Once, when I was visiting a remote rural area of County Waterford, I gave an elderly lady (who lived alone) a tract. “Are you a ‘Jehovah’s Witness’?” she asked. How disappointing to discover that ‘Jehovah’s Witnesses’ had been in this isolated location, but this lady had never in her life been spoken to by an evangelical Christian!

“It’s not a good idea to go out ‘two-by-two.’ They’ll think we’re Jehovah’s Witnesses,” I heard someone once say. But why should we, as Christians, decide not to do something – just because a certain well-known cult does it? Anyway, we should be guided and influenced by God’s Word and led of the Holy Spirit for it is He who speaks to souls, to guide them into all truth. It is He, also, who prepares the hearts of the individuals He wants us to speak to.  (Proverbs 16v1)

“Not interested. I have my own religion (or church),” is the response of many people to Jehovah’s Witnesses at the door. But the Christian should have a very different attitude. Essentially we need to know the scriptures, never forgetting to put the emphasis on Jesus and His finished work on the cross at Calvary. At some time, many of the people within this and other cults have sincerely reached out for truth – but in doing so they have embraced error. These individuals, like those in other cults, need a loving witness. To slam the door or to be coldly hostile or impatient is not a Christ-like reaction. Be led of the Holy Spirit, and love the person – but not his erroneous beliefs.

I thank my Lord for leading me into the marvellous light of His truth and I pray that, in His strength, I can reach out to those who have been deceived. That glow of His presence makes it all worthwhile, and I can face the burdensome tasks of the day, in the knowledge that, insignificant as I am, He can use me to reach the souls for whom He died, rose – and lives to save. Oh that many would turn from error, seek His face and find the real Jehovah; He who encompasses Father, Son and Holy Spirit. (1John 5v7&8)

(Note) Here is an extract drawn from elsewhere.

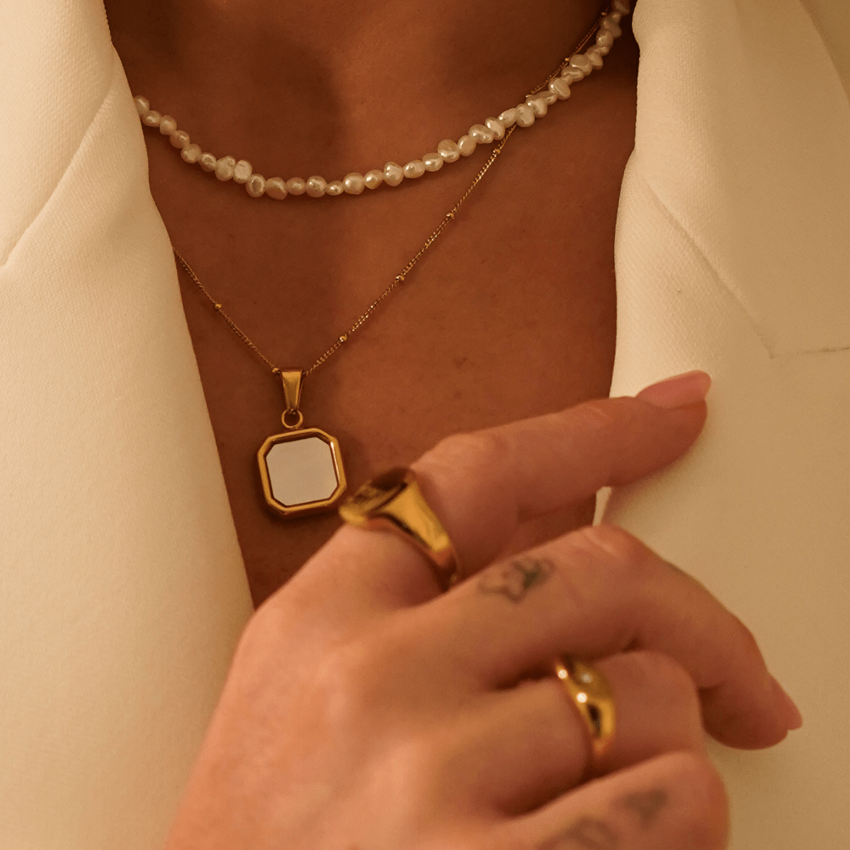 This stunning charm features a classic square design with a lustrous pearl colour that catches the light beautifully. Perfect for any of our chains, it can be worn alone for a minimalist vibe or paired with our other charms for a layered effect. Ideal for special occasions or everyday wear.

How lovely are those words which refer to Jehovah in Isaiah 26v3&4… “Thou wilt keep him in perfect peace, whose mind is stayed on thee: because he trusteth in thee. Trust ye in the Lord forever: for in the Lord JEHOVAH is everlasting strength.”

Frances Ridley Havergal, devotional writer, poetess and hymn writer certainly found that “perfect peace,” when at the age of fourteen she trusted the Lord Jesus to save her. Miss Havergal was plagued with ill health during her short life but she was greatly used of the Lord, because she had later consecrated that life to Him. I love her hymn “Like a River Glorious,” which declares the all-sufficiency of “Jehovah” and the perfect peace and blessing that is to be found when we “trust Him wholly.” What a beautiful analogy: the sparkling peaceful river, flowing deeper and deeper as it makes its way to the sea!